San Francisco is pressuring the world's two largest app stores to stop distributing AI tools that create fake nude images of real people.

According to Wired's Matt Burgess, the city's Office of the City Attorney sent legal notices to Apple and Google this week demanding they take down 13 AI apps used to make deepfake nude images. Wired reports the office issued cease-and-desist letters telling the two companies to stop profiting from the apps. Google, according to Wired, says it has already deleted the apps in question.

Such tools are commonly known as "nudify" apps, which use artificial intelligence to digitally strip clothing from photographs and generate explicit images of people who never consented to them.
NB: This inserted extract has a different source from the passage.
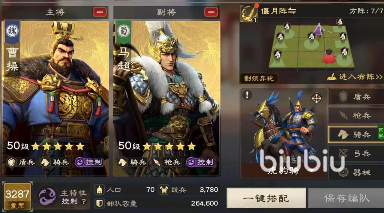 先来看一下控制骑这个体系,在持久作战的情况下能够发挥出优势,通过限制对方的普攻和技能,来降低队伍的损失,己方部队则可以源源不断的输出伤害。小编推荐大家选择曹操和马超的组合,这二人可以激活割须弃袍羁绊,提升统兵上限,兵种选择搭配虎豹骑,延长控制时间。马超能通过自身技能所带的沉默、降怒等特点限制对方的输出,曹操则是提供缴械、技能状态附加,通过控制状态等不断衔接,降低对方输出,逐步压低对方兵力。但是需要有较高的技能等级,只有控制技能等级提升之后,才能提升触发几率,提供稳定的控制。

Ars Technica reports that San Francisco ordered Apple and Google to remove the nudify apps from their app stores, and that official estimates suggest Google and Apple likely made millions of dollars in fees connected to the apps.
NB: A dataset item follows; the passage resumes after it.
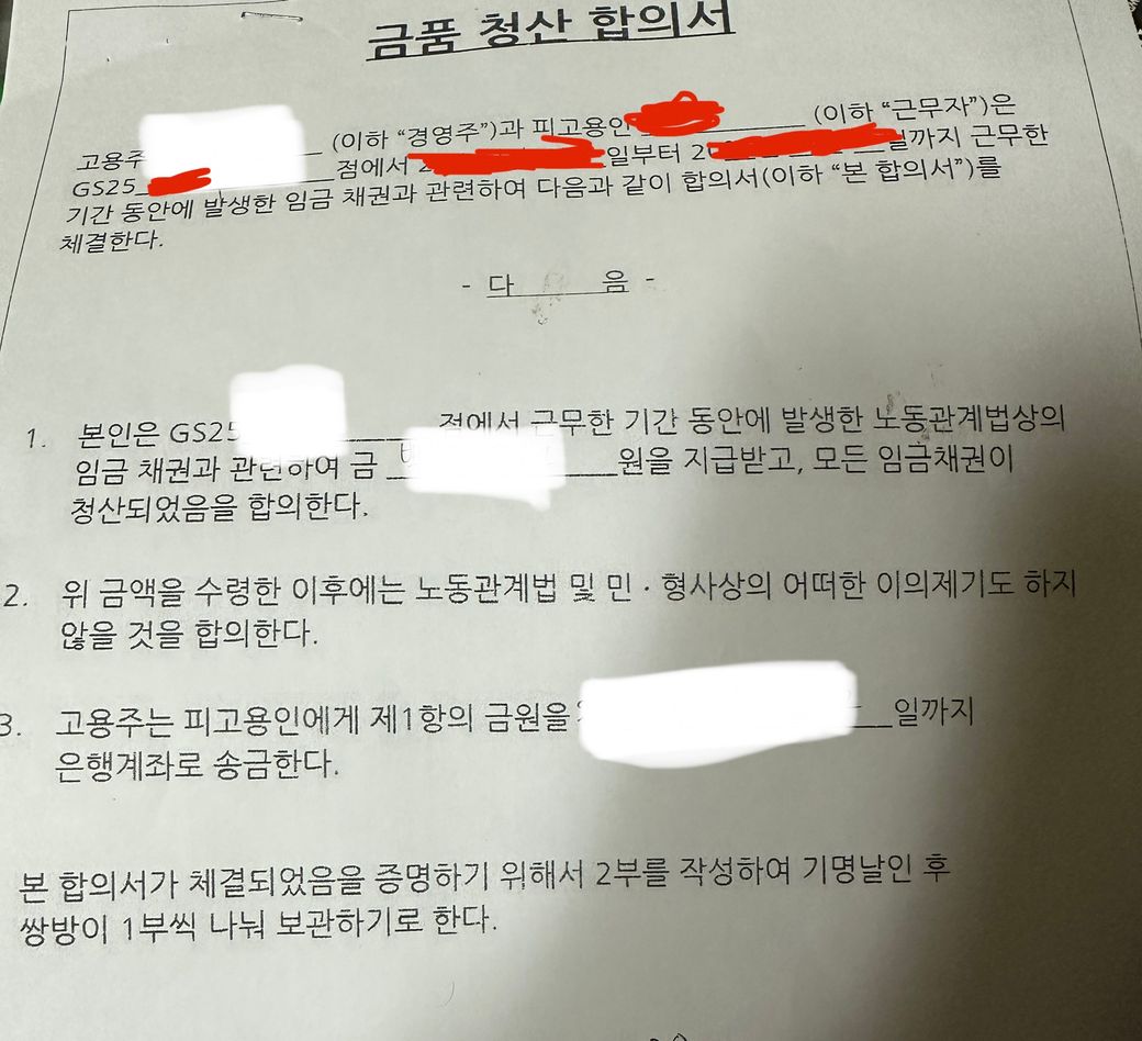 상기 금품청산 합의서 제1항에 따라 해당 사업주와의 근로관계에 있어 해당 합의금을 지급하기로 함에 따라 모든 임금채권이 청산되었기에 추후에 미지급된 주휴수당 등을 청구할 수 없습니다.

The action puts a spotlight on the role of app-store operators, which take a cut of the money that flows through their platforms. By framing the demand around profit — telling the companies to "stop profiting," per Wired — San Francisco is arguing the gatekeepers bear responsibility for the harmful software they host and monetize, not just the developers who build it.

Why it matters: Deepfake nudify apps have become a fast-growing tool for harassment and abuse, and San Francisco's move signals that governments are increasingly willing to hold Apple and Google — not just anonymous app makers — accountable for what their stores sell.